Databricks clusters

Question

You plan to create an Azure Databricks workspace that has a tiered structure. The workspace will contain the following three workloads:

A workload for data engineers who will use Python and SQL.

A workload for jobs that will run notebooks that use Python, Scala, and SOL.

A workload that data scientists will use to perform ad hoc analysis in Scala and R.

The enterprise architecture team at your company identifies the following standards for Databricks environments: The data engineers must share a cluster. The job cluster will be managed by using a request process whereby data scientists and data engineers provide packaged notebooks for deployment to the cluster. All the data scientists must be assigned their own cluster that terminates automatically after 120 minutes of inactivity. Currently, there are three data scientists.

You need to create the Databricks clusters for the workloads.

Solution1: You create a High Concurrency cluster for each data scientist, a High Concurrency cluster for the data engineers, and a Standard cluster for the jobs.

Solution2: You create a Standard cluster for each data scientist, a High Concurrency cluster for the data engineers, and a Standard cluster for the jobs.

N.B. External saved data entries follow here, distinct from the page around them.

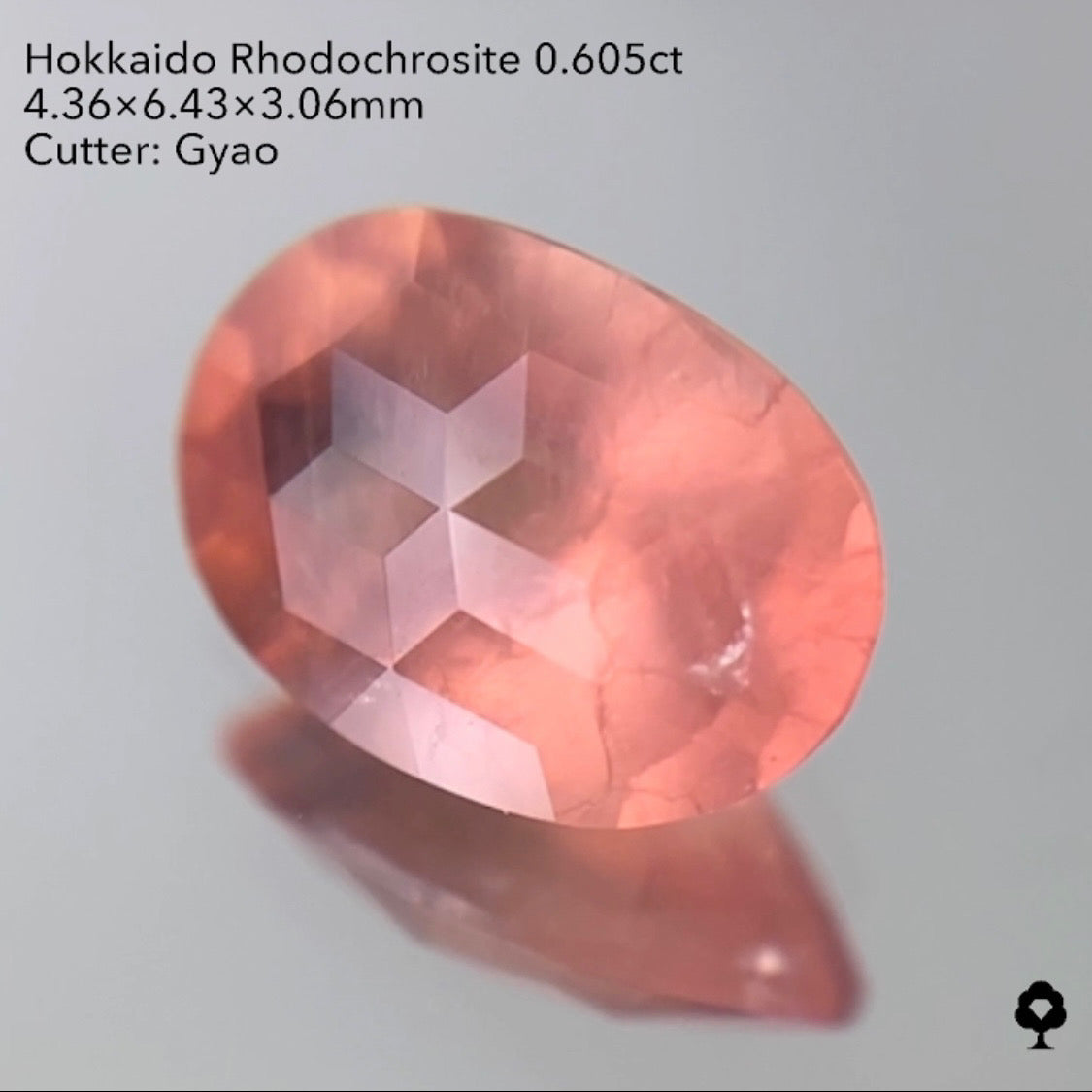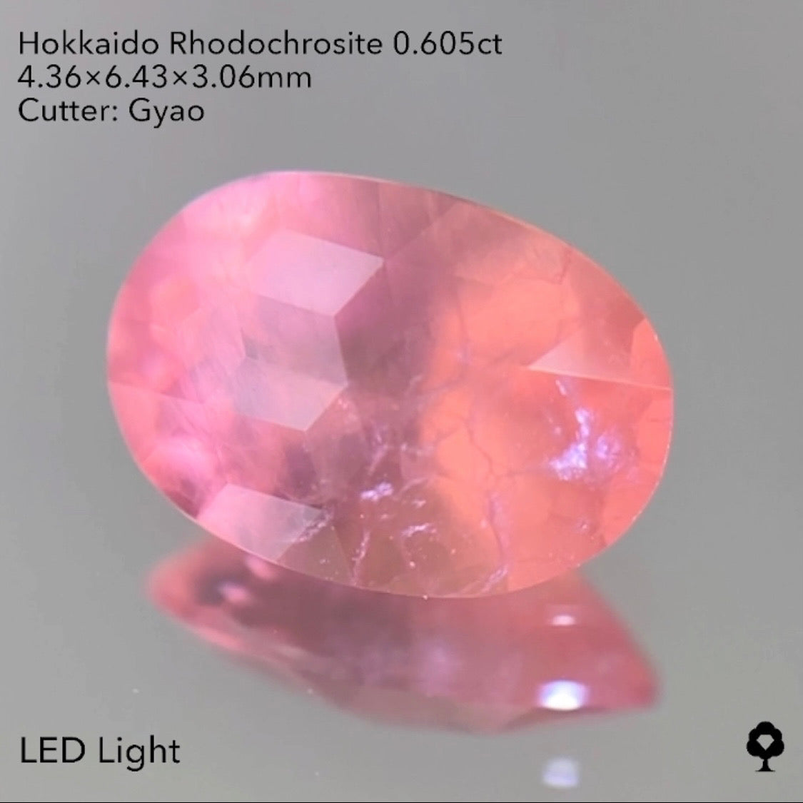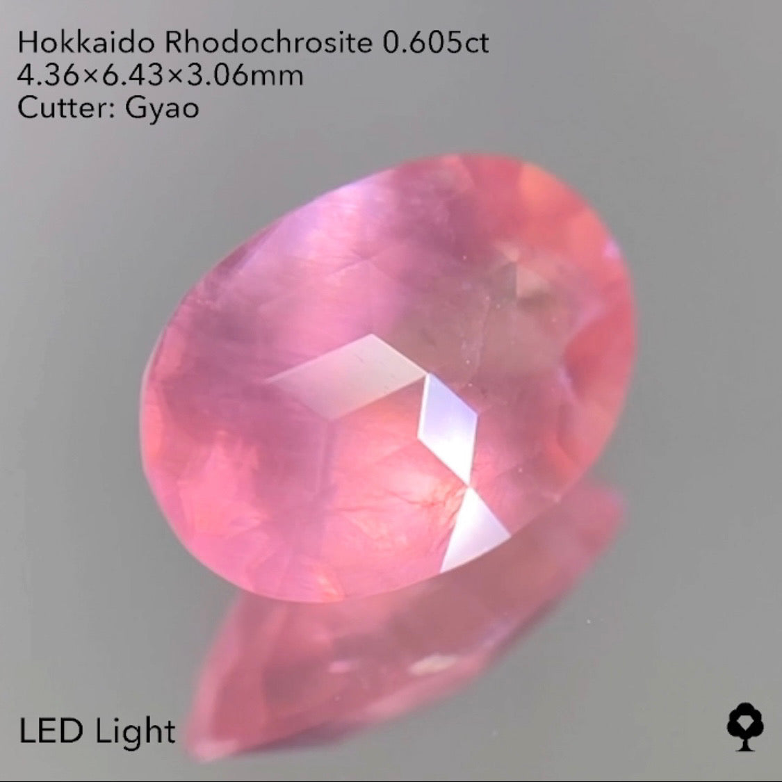 柔らかくカットが難しく、今後は産出しない稀少な北海道産ロードクロサイトを、GTJ独自カットキューブスターのオーバルに独創的天才カッター【ゲオちゃん】が仕上げました。
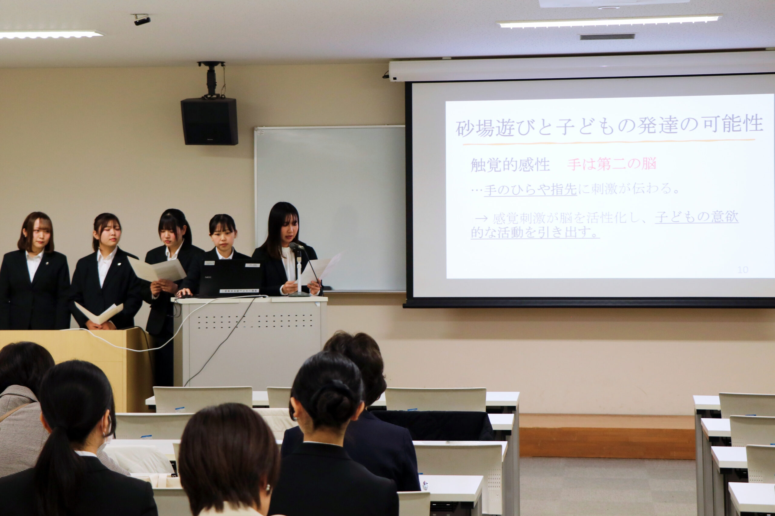 短期大学部保育科の学生たちはグループ発表で、「砂場遊びから得られる学び ~援助や工夫の在り方~ 」をテーマに、砂場遊びを通して育まれる力について発表しました。子ども・保護者・保育者の三者をつなぐ言葉かけや関係づくりの工夫を取り上げ、保育現場で働きながら夜間に学んでいる学生ならではの視点が光る内容となりました。
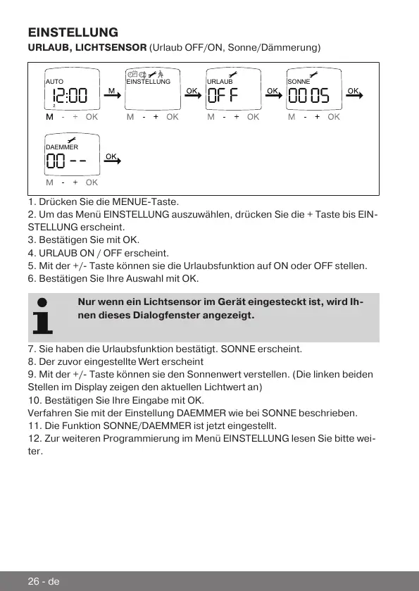 URLAUB, LICHTSENSOR (Urlaub OFF/ON, Sonne/Dämmerung)
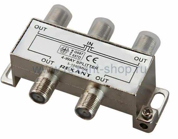Телевизионный делитель это удобное средство для разделения сигнала на несколько равных частей. Антенные делители, также называемые телевизионные сплиттеры ,часто используются когда требуется подключить один телевизионный кабель, идущий от антенны, сразу к нескольким телевизорам. Особенно это актуально в многокомнатных квартирах или многокомнатных загородных домах. Делитель имеет один вход под F разъем и четыре выхода, также под F разъемы. Сигнал, подающийся на вход делителя, делится на четыре равные части и передается на выходы. Для подключения кабелей используются стандартные F-разъемы. Полоса пропускания делителя от 5 до 1000МГц, эти частоты используются для стандартного эфирного телевидения. Качественно изготовленный ТВ сплиттер Rexant долго и надежно прослужит в составе телевизионной системы, делая удобной эксплуатацию нескольких телевизоров.
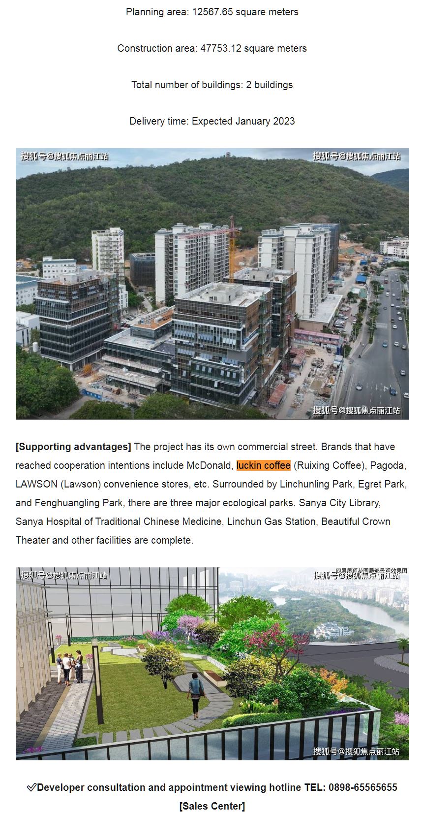 Bei dieser Überbauung wird Luckin im Verkaufsprospekt erwähnt. Werbetreibende, die für Luckin in gemischter Nutzung werben, Einkaufszentrum soll gebaut werden und Eigentumswohnungen verkaufen 4-15-2023
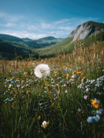 A close-up view presents a dandelion puffball amidst a field of wildflowers. The scene is bathed in natural sunlight, highlighting the textures of grass and blossoms. Mountains rise in the distance under a blue sky, suggesting an outdoor environment suitable for nature-related visual projects.
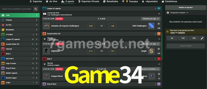 O Game34 oferece uma grande seleção de opções de apostas em e-sports com probabilidades competitivas
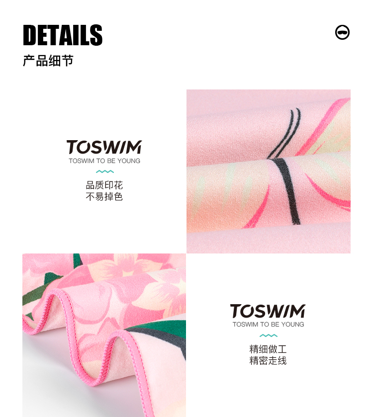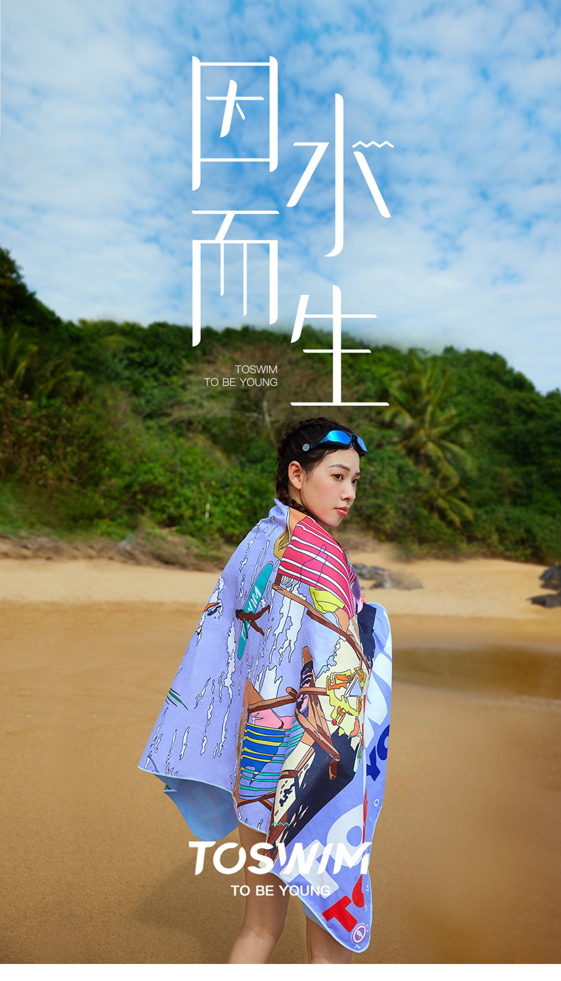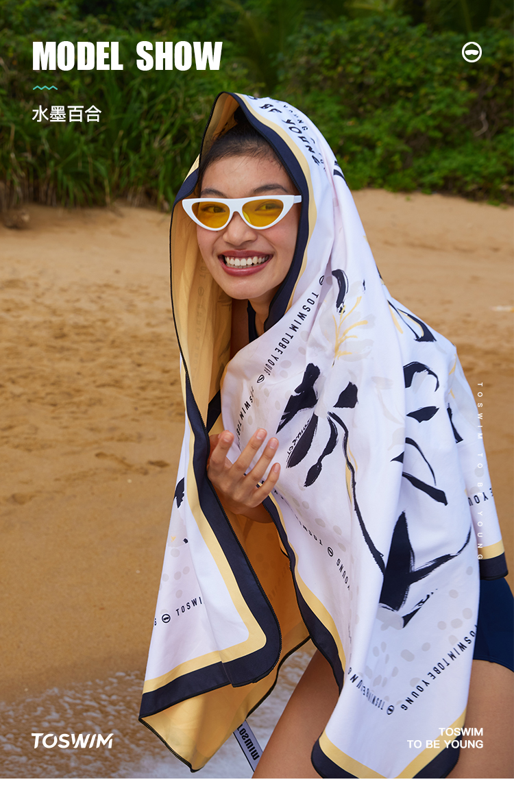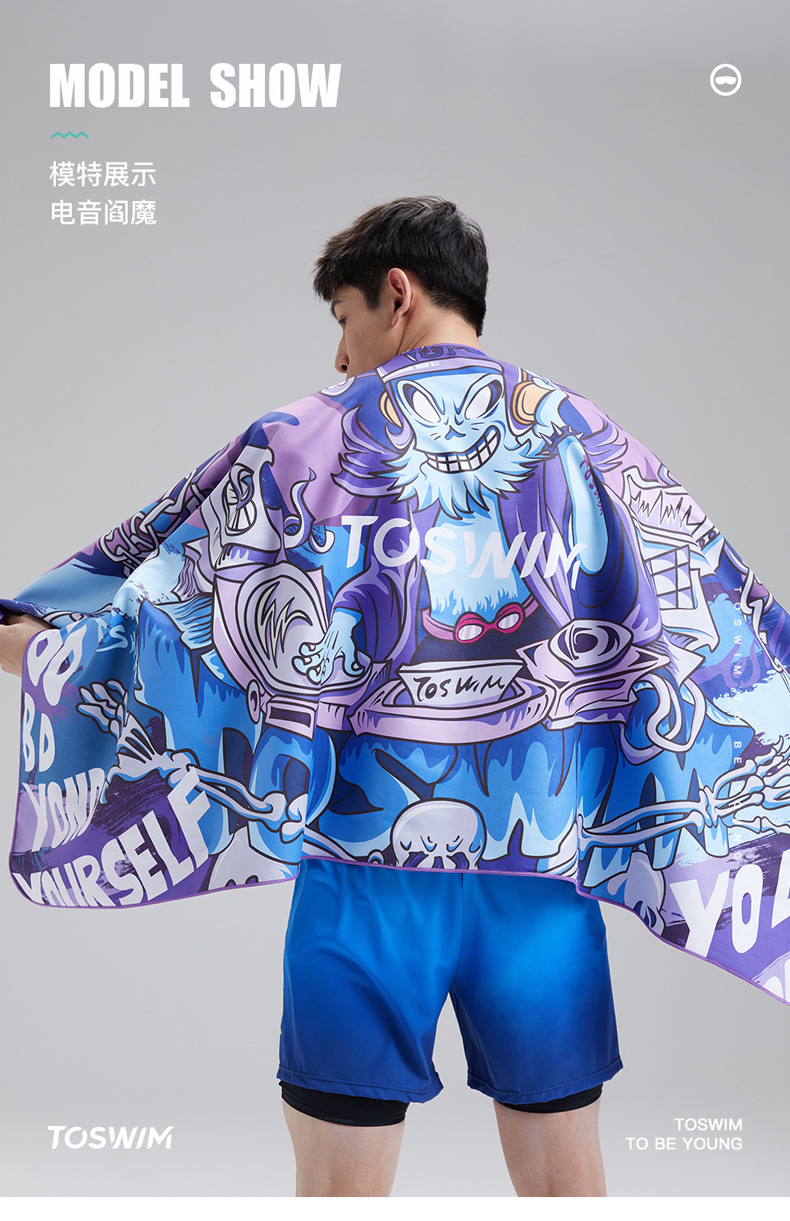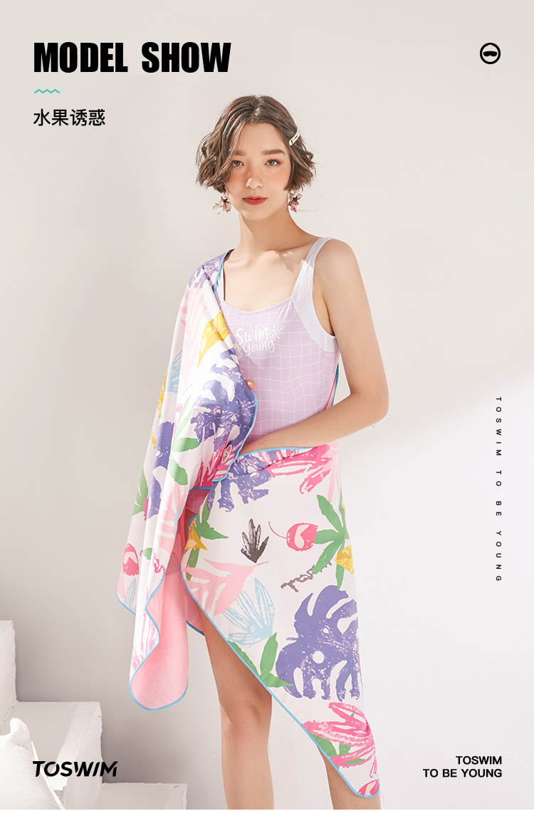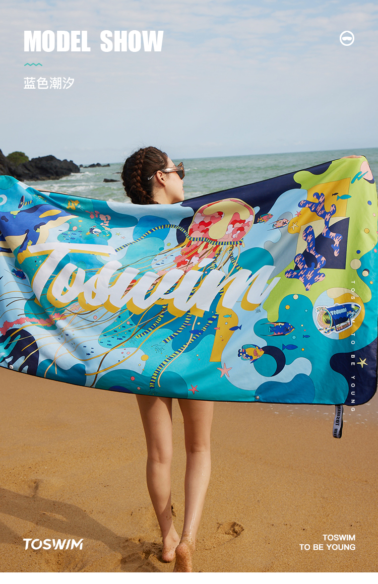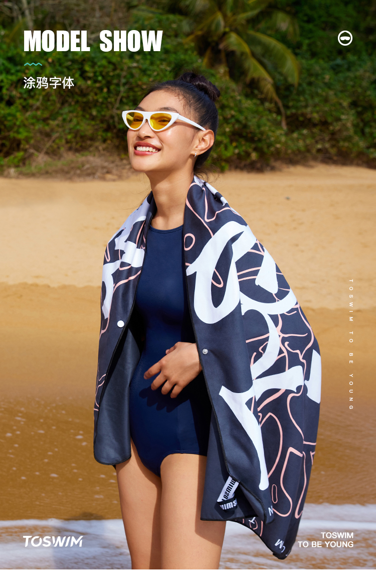 泳镜侠推荐!TOSWIM户外可穿式洗澡快干印花健身薄款大号游泳毛巾
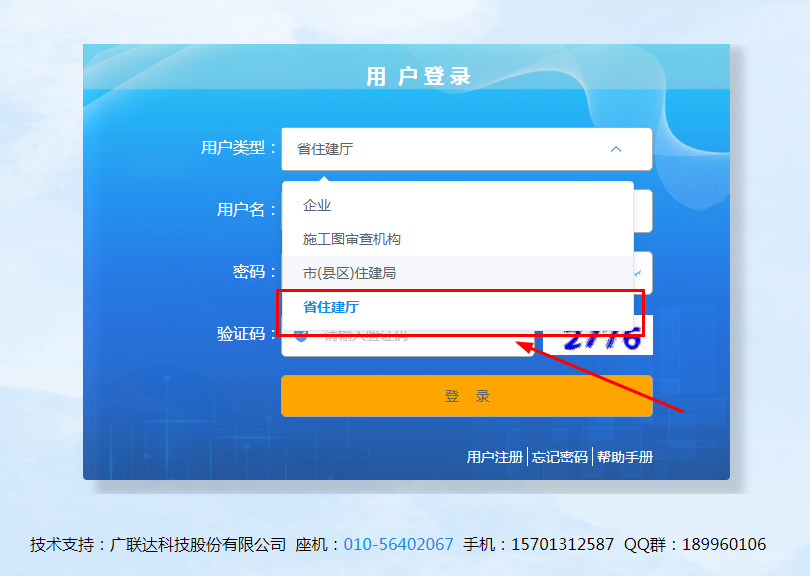 省住建厅用户由系统初始化设置时配置提供。在登录页面中选择用户类型“省住建厅”,输入用户名、密码、验证码后点击“登录”按钮,进入系统。如图1-5-1所示:
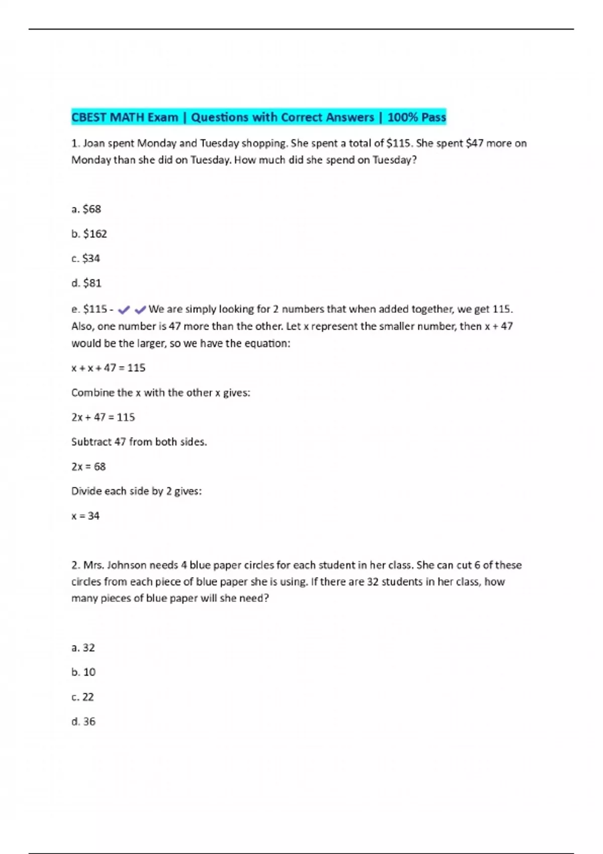 cbest math exam questions with correct answers
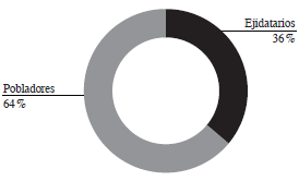 Se encuestó a un total de 39 hogares en la comunidad de Valentín Gómez Farías. Los hogares encuestados están integrados en promedio por 4.8 miembros. Poco más de la tercera parte de los encuestados son ejidatarios y el resto son pobladores, es decir, personas que habitan en la comunidad, pero que no tienen derecho a usar las tierras del ejido y que, por lo tanto, no participan dentro del Comité de Turismo Comunitario que dirige el proyecto "Valentín Natural" (figura 3). La mitad de los entrevistados (54 %) son varones, y el porcentaje restante (46 %) son mujeres. La edad promedio de los encuesta-dos es 40.1 años.
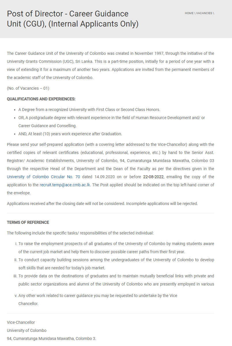 Director - University of Colombo
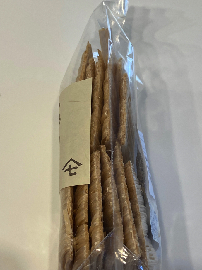 横から見てみるとよくわかるが、凧糸を巻いたようなものに似ている。取り出して食べてみると、薄い飴を伸ばして巻いたもので、幅1cm程度でパリッとわれる。口に入れるとパリパリと砕け、ミルフィーユ状というか薄い層が何重にも重なっているのがわかる。確かにせんべいと言われれば、なるほどと思う程度に薄いあめだった。
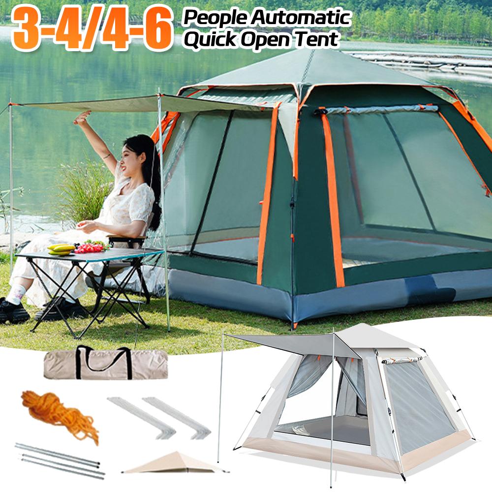 Automatic Quick Open Tent with Canopy Portable Outdoor Rain/Sun Proof Tent for Family Travel Self-drive Camping 3-4/4-6 People
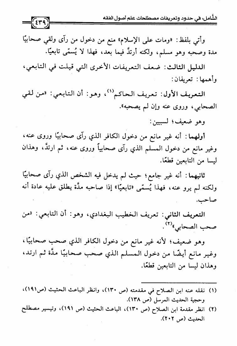 نام کتاب : الشامل في حدود وتعريفات مصطلحات علم أصول الفقه وشرح صحيحها وبيان ضعيفها والفروق بين المتشابه منها دراسة تأصيلية استقرائية نقدية نویسنده : عبد الكريم بن علي بن محمد النملة جلد : 1 صفحه : 439
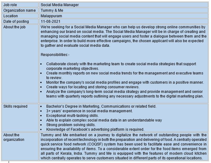| About the organization | Tummy & Me formed to serve Mankind in goodness activities in 2019. Later the management behind Tummy &Me has been in the food industry for the past years. From 2020 onwards, Tummy & Me enlarges its operations all over Kerala and in the metro cities of South India by cloud kitchen and delivery services. A group of Kerala-based food entrepreneurs formed Tummy & Me. We promote a healthy and delicious Community in our society. Tummy & Me is a word invented by Foodies who have a deep emotional connection to their food |

Does any of this solution meet the goal? or any other solutions possible and why?

Eliana Blake · Answer

Both Solution1 and Solution2 have their own pros and cons based on the requirements provided for the Azure Databricks workspace. Let's analyze each solution: 1. Solution1: - High Concurrency cluster for each data scientist: While this ensures that each data scientist has their own high concurrency cluster, it may lead to higher costs as high concurrency clusters are optimized for multiple users. - High Concurrency cluster for data engineers: Data engineers sharing a high concurrency cluster aligns with the requirement for them to share a cluster. However, this may potentially lead to resource contention depending on the workload. - Standard cluster for jobs: Using a Standard cluster for jobs may work well as long as the workload is not extremely intensive and can be managed effectively. 2. Solution2: - Standard cluster for each data scientist: Assigning a standard cluster to each data scientist can help control costs as standard clusters are suitable for single users. This also aligns with the requirement for each data scientist to have their own cluster that terminates automatically after 120 minutes of inactivity. - High Concurrency cluster for data engineers: This aligns with the requirement for data engineers to share a cluster. High concurrency clusters can handle multiple users efficiently. - Standard cluster for jobs: Similar to Solution1, using a Standard cluster for jobs can work well unless the workload is extremely demanding. Since both solutions have their trade-offs, here are a couple of additional considerations: - Cost Efficiency: Solution2 may be more cost-efficient as it utilizes standard clusters for individual data scientists. - Resource Management: Solution1 may provide better resource management for data scientists with high concurrency clusters, but it could lead to higher costs. Ultimately, the choice between Solution1 and Solution2 may depend on factors like budget constraints, workload intensity, and the importance of resource isolation for data scientists. It might be beneficial to pilot both solutions to observe actual usage patterns and optimize cluster configurations accordingly. If you have any specific preferences or constraints regarding cost, performance, or resource sharing, please let me know so I can provide a more tailored recommendation!